Cover Up (The Reveal), 2019
Bronze
“The figure in Cover Up (The Reveal), 2019 is wearing a hooded sweatshirt and when the piece is installed, outside, there will be a moment when people respond to it in light of the much-publicised state violence against Black people in the U.S. I started this piece in early 2017 and these deaths have persisted with shocking but unsurprising regularity.”
“Cover Up (The Reveal)” portrays a man in his late thirties to forties wearing a tracksuit, with his arms bent upwards and his hands almost touching the collar of his hooded jumper. This sculpture is a very good example of how my work is influenced by, and seeks to comment upon, issues that effect both the United States and the United Kingdom.
In the UK the tabloid press and elements of the government tried to turn the hooded sweatshirt into a symbol of menace and criminality, with those who wore it becoming the focus of police ‘stop and search’ tactics that compounded already economically and racially biased policing policies and that left those targeted feeling harassed and persecuted in ways that were often internalised with detrimental results.

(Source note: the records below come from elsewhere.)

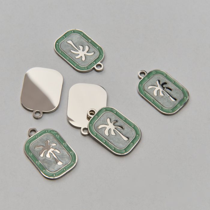 Zawieszka ze stali chirurgicznej emaliowana z palmą w kolorze srebrnym 19,5mm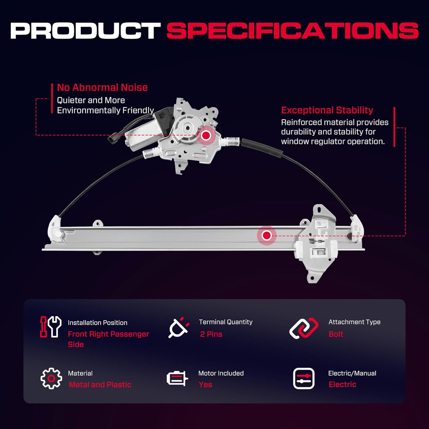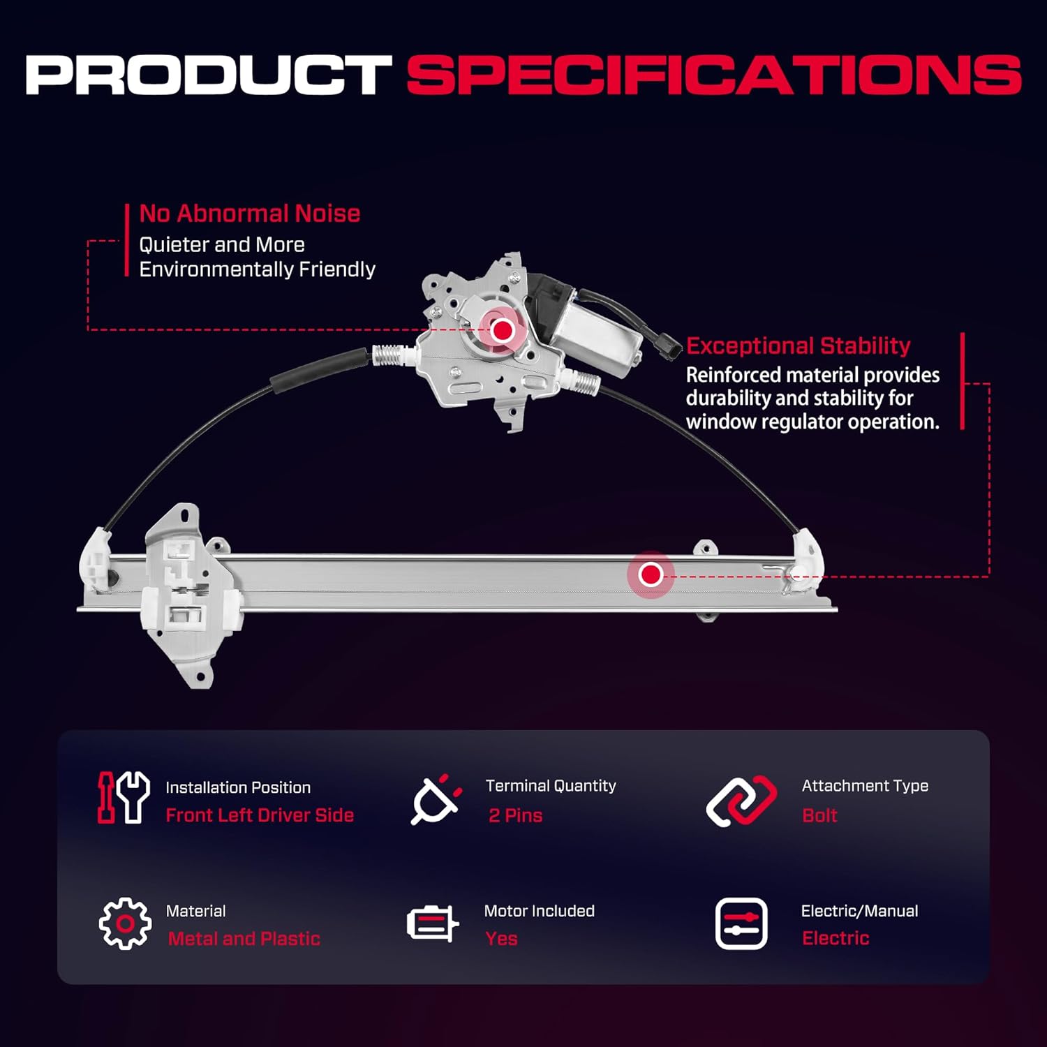 Com pontos de montagem precisos, a instalação do conjunto do regulador de janela é descomplicada, permitindo que você retome a funcionalidade da janela do seu carro em pouco tempo. Este produto é especialmente projetado para veículos que utilizam um motor de 2 pinos, garantindo que você tenha a peça correta para o seu modelo específico. O número OEM 741-349, juntamente com os códigos 80720EA000 e 80730EA005, assegura a compatibilidade e a qualidade do produto.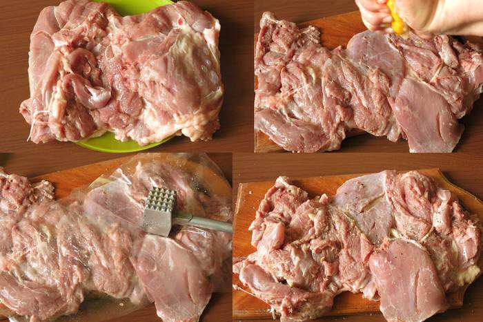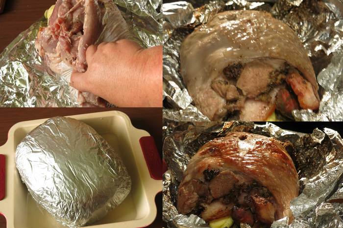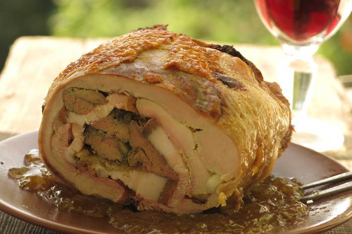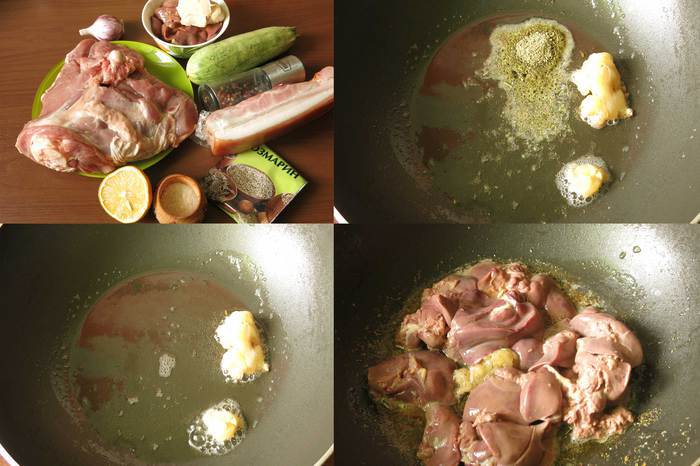 Фаршировать будем бедро индейки, вес около 800 г. С начинкой определились, специи и приправы малокомпонентные. Для маринада — лимонный сок, перец, розмарин, чуть вкуса запеченного чеснока, несколько долек для фаршировки. Топим жир, кладем половину розмарина, обогащаем ароматами. Обжариваем печень, даем схватиться корочке, уменьшаем огонь.

In the United States, the same garment was also artificially attached to criminality and in the tragic case of the murder of 17 year old, Trayvon Martin, it was also used as a “dog-whistle” defence by his killer when trying to invoke images of an understandable threat that required lethal force, not to mention the initial unfounded suspicions that led to Martin’s death.
Subsequently wearing a hooded sweatshirt was taken up as a symbol of solidarity among those trying to draw attention to the discrimination and prejudice that is inflicted upon so many in the
States and to highlight how the demonization of items of clothing
could make everyone a target, whilst acknowledging that this is
only a reality for people of colour. It was with this in mind that I
made the work, “Cover Up (The Reveal)” that uses the age of the
character as a way to create a sense of incongruence with the
widely accepted level of “threat”, as portrayed by certain media.
The character’s expression is also one of quiet contemplation (I
was thinking of the hooded monks I saw as a child whilst sculpting
the piece) and the hands hover up towards the hood, but do not
touch this, so as to make it ambiguous as to whether the hood has
just been lowered, or is about to be raised.